NOTE: If the layout of my Japanese site looks a tad different from my English site, it’s only because I recently updated my Japanese site and have not yet had time to update my English site.
TIP: To make my job easier in Freeway, I use Master Pages. In the past, I had a single CSS Menubar on the Master, which propagated to each page. I recently ditched that for something better. What I do now is have two CSS Menubars, but they display as a single menubar. The left side contains the majority of buttons you see, but the separate CSS Menubar is the “ENGLISH” button. Why make it separate? Because I the URL applied to that button will vary by page, and I don’t want to change only that one link and then have my entire CSS Menubar delinked from the Master. So by using two separate CSS Menubars, I keep the main menubar linked to the Master and the only thing that gets delinked is the ENGLISH language button.
Thanks for the in depth information. Sounds like you’ve implemented some good ideas.
No matter how you cut it, it looks like quite a bit of work.
Hopefully I won’t have to get into that all just yet. I’m planning for what has already been asked for but I know we’re not doing it initially. English first, then other languages at a later date.
As you can see, I’ve got a big commercial site with lots of pages. To keep everything speedy and easy to change, I’ve long kept the English site separated from the Japanese site, in two different Freeway documents. I even went a step beyond that by breaking our “VISION” site (click the VISION button to see it) into it’s own two Freeway documents, on English and the other Japanese. That’s because the VISION site is so big and detailed we created a separate domain name just for it.
So in total, I have 4 Freeway documents to manage all our company’s sites.

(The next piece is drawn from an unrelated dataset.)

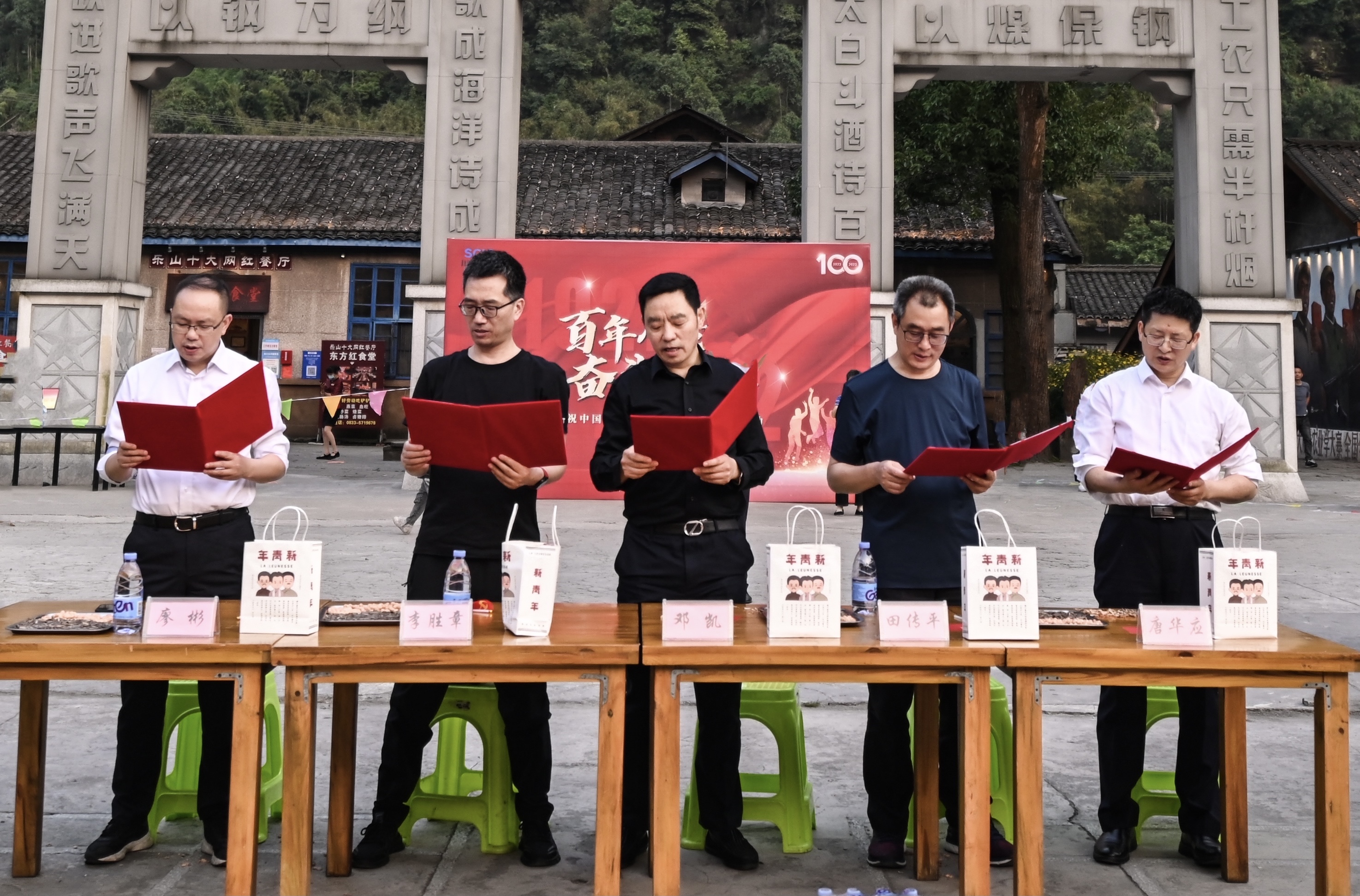 活動現(xiàn)場,鄧凱分別向“嘉陽煤礦團總支部”和“川投峨旅講解服務團隊”授予“青年突擊隊”和“青年文明號”旗幟。青年代表們集合在共青團的旗幟下,齊唱團歌,重溫入團誓詞。全體人員齊聲誦讀李大釗先生《青春》節(jié)選片段,合唱《我和我的祖國》《紅旗飄飄》等主旋律歌曲,在誦讀聲中銘記激情豪邁的覺醒力量,在歌唱中激揚青春逐夢的奮進旋律。

These two sites ( the 1st one still being worked on) are in two languages. Built first in French then the site duplicated and the translated text pasted in. Once in the preferred language you stay there with the option of going back to the sister page in the other language
Maybe Google Translate is good enough for European language conversions, but for conversion between English and Japanese… Wow. If I used that, my web visitors would be left saying, “What the HELL!!!” (HELL as in Gehenna, not Hades.)